Don’t: Make it Too Easy

With no rules or structure in place on the front side, anyone can comment. A thriving community isn’t just made of as many commenters as possible, but commenters who interact with each other and respond to what they’ve seen and read.

Some sort of a gatekeeper is necessary to keep out the riffraff, which on a blog, takes the form of spam and automated comments. Riffraff is like junk mail that only clogs up the comment feed and slows down the conversation. A subscription-based website is the perfect format for authenticating users, and reducing the possibility of riffraff, while keeping the comment section easy to use so that users aren’t alienated.

Do: Employ Some Form of Moderation

Disagree
Not everyone agrees all the time, and a thriving community allows for debate.

Regardless of whether absolute freedom of speech is encouraged, moderators help keep the ball in play and ensure the game is played fairly. Comments without a moderator can quickly be overtaken by bullies, which is the opposite of a thriving commenter community.

Moderation rules should be clear to everyone, and posted in a prominent place. ”Be nice, and be polite” might be sufficient for some communities, but others may need a bit more detail. If it’s a religious publication and no swearing is allowed, the rules should say so clearly. If active and even feisty debate is welcomed, a simple reminder to debate with respect might be in order. Whatever the rules, make them simple. More important, make them stick.

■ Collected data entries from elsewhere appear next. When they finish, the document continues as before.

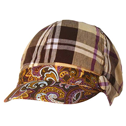 Studio : Luxury Divas Publisher : Luxury Divas Binding : Apparel Product Description This cadet newsboy cap has a fun and stylish print that consists of classic plaid and colorful paisley. The cap features a hidden sewn elastic in the back that can stretch to accommodate just about any head. The stylish brim on this cap is flanked by like material buttons on each side. Made to be lightweight, this cadet cap is packable and ready for travel. This newsboy cap is made from comfortable cotton.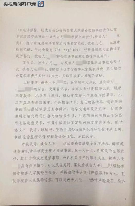 甘肃省陇西县人民法院向记者出示了这一案件的刑事判决书,判决书上显示:经陇西县人民法院审理查明:2017年9月4日4时40分许,被告人毛某某醉酒驾驶牌照为陕A×××××号小型轿车沿陇西县巩某崇文路由东向西超速行驶,车辆行驶至恒力大厦附近路段时将正在城区道路上打扫卫生的陇西县综合执法局巩昌环卫管理站职工被害人宋某碰撞,致被害人宋某当场死亡。事故发生后,被告人毛某某拨打110电话报警。经陇西县公安局交警大队道路交通事故责任认定,本起道路交通事故中被告人毛某某承担全部责任,被害人宋某无责任。经甘肃陇通司法鉴定所司法鉴定检验,被告人毛某某血液中检出乙醇,平均含量为268.15mg/100ml。经甘肃明源司法物证鉴定所鉴定,被害人宋某符合交通事故致创伤性休克死亡。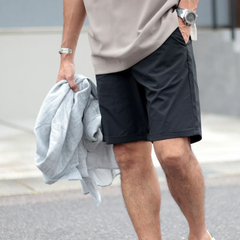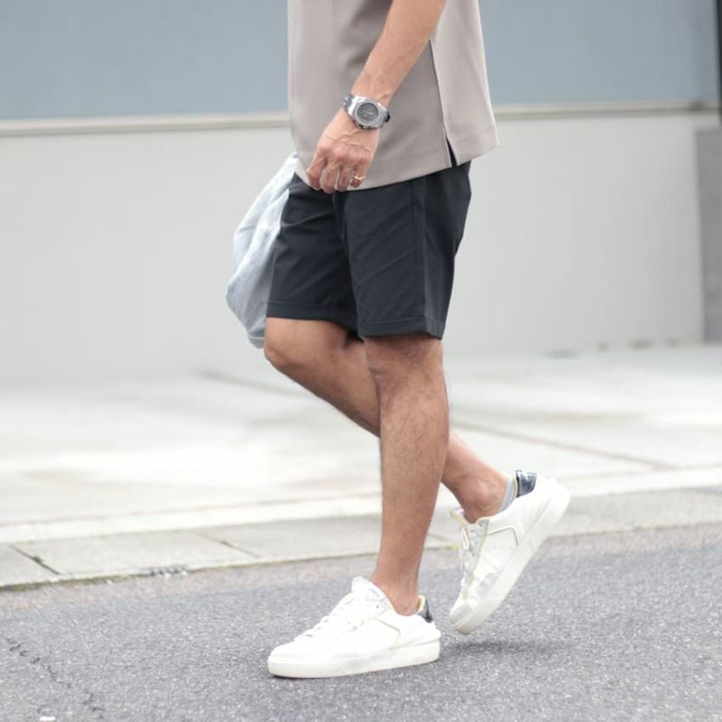 スラックスをベースとした大人らしい短パンのスタイルです。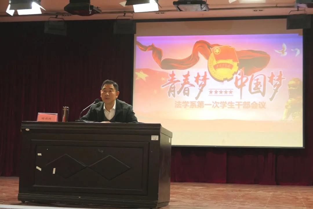云顶国际vip8866法学系第一次学生干部会议暨法学系第二届团委学生会集体会议于10月24日在云塘校区文科楼B204模拟法庭顺利召开。参加本次会议的有法学系党总支书记田兴洪、法学系团委书记白千秋,法学系全体班干部,法学系团委学生会全体成员以及研究生会全体成员。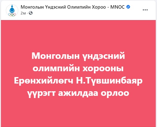 Монголын үндэсний олимпийн хороо (МҮОХ)-ны ерөнхийлөгч Н.Түвшинбаяр өнөөдрөөс үүрэгт ажилдаа орсон талаар МҮОХ-ноос мэдээллээ.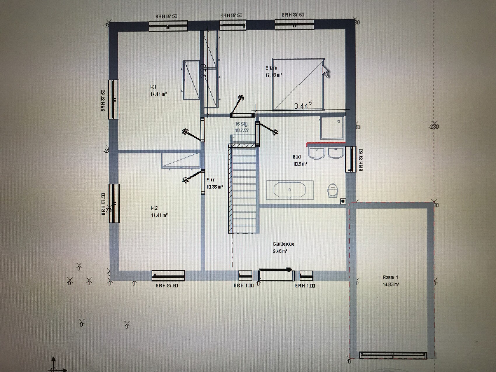 Ich befürchte, dass sich das Vorziehen der Garage (bzw. Haus nach hinten) sich bei den Baukosten deutlich bemerkbar macht. Aber das klär ich noch mal ab. So bekommt man auf jeden Fall mehr Möglichkeiten, weil ein Fenster in dem Raum an der Garage möglich wird.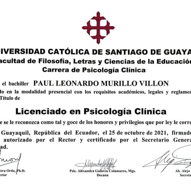 Psicólogo clínico graduado de la Universidad Católica de Santiago de Guayaquil. Atiendo a niños, adolescentes y adultos en mi consultorio particular. Trabajo con instituciones educativas y empresas promoviendo la diversidad humana y la salud mental desde un enfoque empático.

Don’t: Interfere with Reasonable, Free Expression

A thriving community needs freedom of expression. Not everyone is sweet, and not everyone uses perfect grammar. Moderation needs a light touch, or else the community will feel as if it’s governed instead of guided.

Allow for differing opinions and even arguments, as long as no one takes it too far. If everyone agreed on everything, what a boring community it would be!

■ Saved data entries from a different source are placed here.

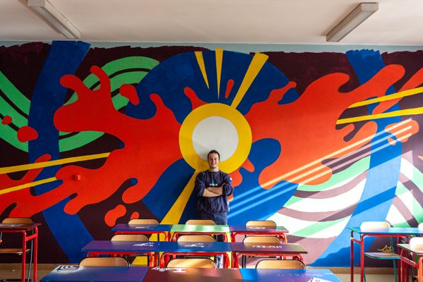Mon dernier projet c’est le projet pour lequel nous avons repeint une salle de classe celle d’une classe de STMG. On a réalisé ce projet ensemble avec les élèves, ils ont pu choisir au maximum ce qu’ils voulaient notamment au niveau des couleurs, ce qu’ils allaient écrire, leurs logos. Pour la plus part ce sont des élèves en difficultés, l’objectif était aussi de faire en sorte qu’ils puissent se sentir à l’aise dans leur salle de classe, qu’ils se l’approprient comme si ils étaient chez eux. Cela a duré 2 jours et c’était des moments riches en échanges. Ils viennent tous de milieux et d’horizons différents, et on a pu discuter de plein de choses, de leurs visions de la vie. J’ai eu beaucoup de retours positifs. J’aime bien le côté “social” avec des enfants et des jeunes ados, j’aime également les projets participatifs dans les lycées, les centres aérés…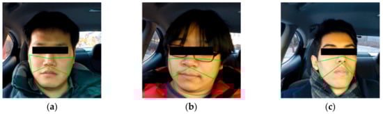 Because our framework was designed to be employed under driving conditions, a real driving dataset was collected. This dataset included 19 subjects, both male and female, in their 20s to 30s. The test subjects were from the Middle East and Asia (Korean, Chinese, and Taiwanese), with some wearing glasses (Figure 4).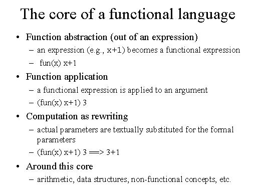 of functional programming languages like ML. The core of a functional language - or better, of any programming language - is the ability to build abstractions over expressions - or over control statements in imperative programming - and then the ability to use this abstractions by applying them to arguments. Hence, in functional programming languages we have the ability to build a function abstraction out of an expression; in this way we define a function, a function of a formal parameter x that will give us back a result. We may then apply this function to an argument. The computation of this kind of structure may be explained as the formal symbolic rewriting of the body of the function, after the actual parameter is substituted for the formal parameter. This textual substitution and this rewriting are not actually performed in real-life programming languages. But it is a very fruitful conceptual tool in order to explain many of the features and many of the issues that are connected with functional languages. In a real language we will have also arithmetic, data structures, maybe non-functional concepts, and so on. However, in this lecture we will deal only with the formal core. |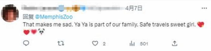 还有不少不能到现场的“丫丫”粉丝,在孟菲斯动物园社交媒体账号下留言,用暖心的话语和“丫丫”说再见。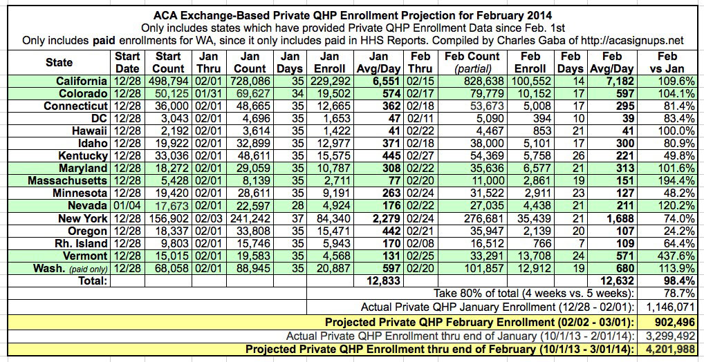 --I'm not including the (admittedly few) SHOP Small Business enrollments, which really should be included since they're part of the ACA exchanges.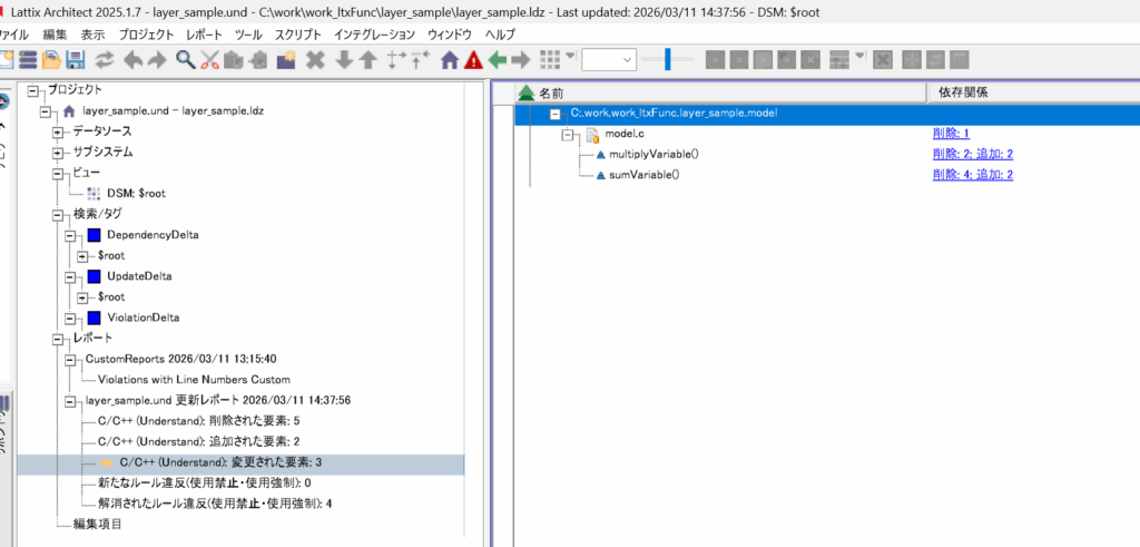 修正されたソースコードをUnderstand、Lattixで再解析した結果が以下になります。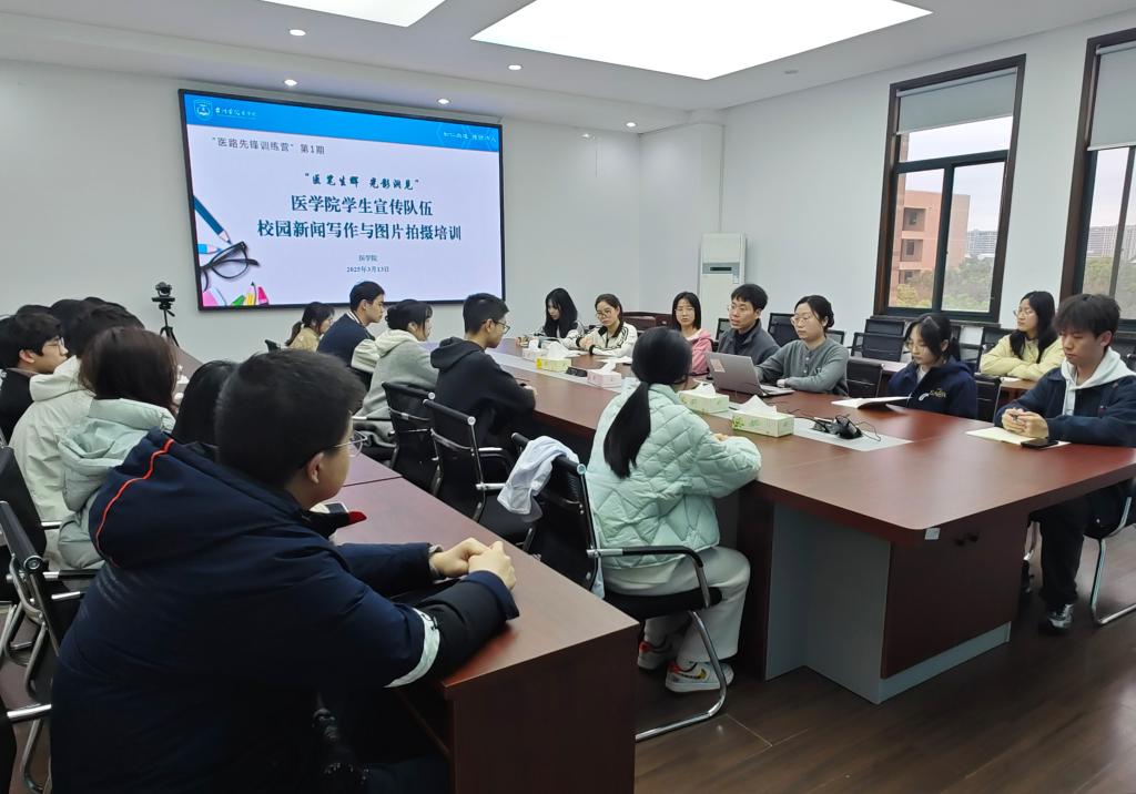3月13日下午,医学院“医路先锋训练营”第一期暨“医笔生辉,光影洞见”学生宣传队伍业务培训会在A305室举行。学院宣传员徐罗月聚焦校园新闻写作与摄影技巧,为团委学生会媒体中心近30名学生骨干授课,助力学生宣传队伍提升专业能力,为进一步讲好医学院故事注入新动能。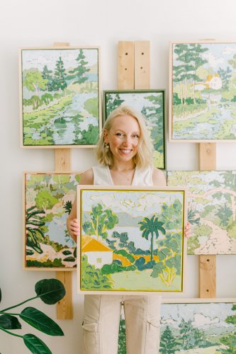 Sabina's art is a reflection of her appreciation for peaceful and tranquil moments, pulling inspiration from the natural world around her. With oil paints and cold wax being her preferred medium, her paintings retain flowing and gentle marks, vibrant colours and quiet scenes. Her work brings a breath of fresh air and a pop of colour to the modern home.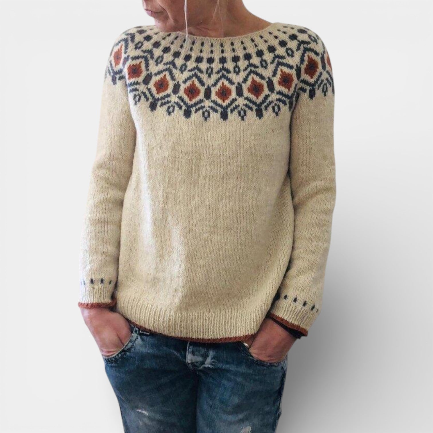 Natalia – Dzianinowy sweter z norweskim wzorem

Do: Consider Verifying Identities

Cyber bullying is a real threat, as is stalking. In response to the risks that total online anonymity pose, Huffington Post founder Arianna Huffington recently announced the end of anonymous comments at her publication. This was a controversial move that had almost as many people applauding as booing.

The benefits of verifying the identity of all commenters is evident. Users are less likely to bully and stalk when they can’t hide behind that protective shroud. However, those who are opposed to full disclosure, such as Matthew Ingram of Bloomberg Businessweek, say verification offers marginal benefits. This was evidenced in South Korea in 2007 when a verification program was halted due to only a 0.09 % reduction in abusive comments. Ingram believes verification risks the openness that lets commenters share details that they otherwise wouldn’t.

For now, no one is regulating anonymity, so that decision can be made by publications.

A commenter community is built on rich, engaging content, openness to share responses and opinions, and reasonable measure of freedom to share it. It’s a balance that can only be struck publication by publication, and audience by audience.

The best way to encourage a thriving community at any publication is by getting to know the audience. When in doubt, ask. The opinions of the people you want to reach can help create a community that grows. With reasonable parameters and safeguards, you’ll have the right foundation.